Selang beberapa saat setelah kepergian Randy, muncullah rombongan Akim Cs. Mereka datang dengan wajah yang riang. Kecuali si Akim, ada ekspresi ketidaksukaan yang tersirat di raut wajah cowok berkulit sawo matang itu. Dia tergesa-gesa menghampiri aku yang sedang perlahan-lahan menikmati bakwan pemberian Randy.
''Poo ... barusan aku lihat si Randy datang ke kelas, apa dia habis menemuimu?'' kata Akim langsung bertanya di depanku.
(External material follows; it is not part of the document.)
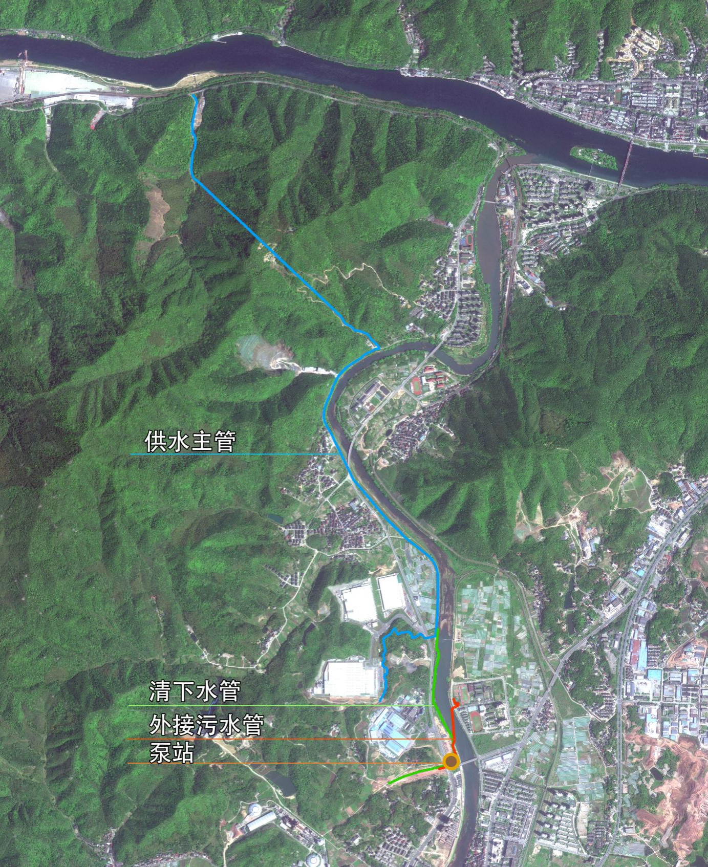 (一)水產(chǎn)業(yè)園供水主管。從沁雅山莊河對(duì)岸已建的DN800主管閥門(mén)接口接出DN600管接入水產(chǎn)業(yè)園區(qū)。管道沿著后坑塢,穿過(guò)現(xiàn)狀的隧道,接著沿著壽昌江西岸布置,最終接入水產(chǎn)業(yè)地塊,管道總長(zhǎng)度約5.5km。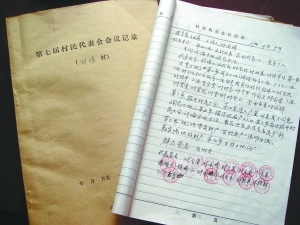 村代會(huì)一份會(huì)議記錄上印著村代表的圓章。

''Iya ...'' jawabku singkat.
''Apa dia meyakitimu?'' tanya dia lagi.
''Tidak!''
''Syukurlah kalau begitu ... karena aku perhatikan ekspresi Randy saat keluar dari kelas seperti orang yang sedang marah ... apakah dia sudah tahu kalau kita berdua sebenarnya sudah jadian?''
''Plakk!'' Satu gebukan tanganku mendarat di lengannya.
''Aduhhh ... sakit, Beib!'' rintih Akim.
''Itu hukuman buat orang yang bicaranya ngelantur seperti kamu!''
''Emang kenapa sih, Poo ... kamu tidak mau ya, kalau kita jadian?''
''Tidak!''
''Ya, sudah kalau begitu ... aku mau jadian sama Awan atau Yopi saja ... semoga mereka menerimaku.''
''Terserah!''
Aduh .... Akim, di saat seperti ini, dia masih sempat-sempatnya ngajakin aku bercanda. Walaupun dia menyebalkan tapi sebenarnya dia itu teman yang asik. Apalagi saat mendengar dia bilang, ''semoga mereka menerimaku,'' dengan ekspresi wajah memelas dan tangan mengadah ke atas seperti orang yang lagi berdoa. Sumpah itu konyol sekali. Aku ingin tertawa lepas. Tapi aku tahan. Takut ketahuan. Aku harus selalu jaim di depan dia.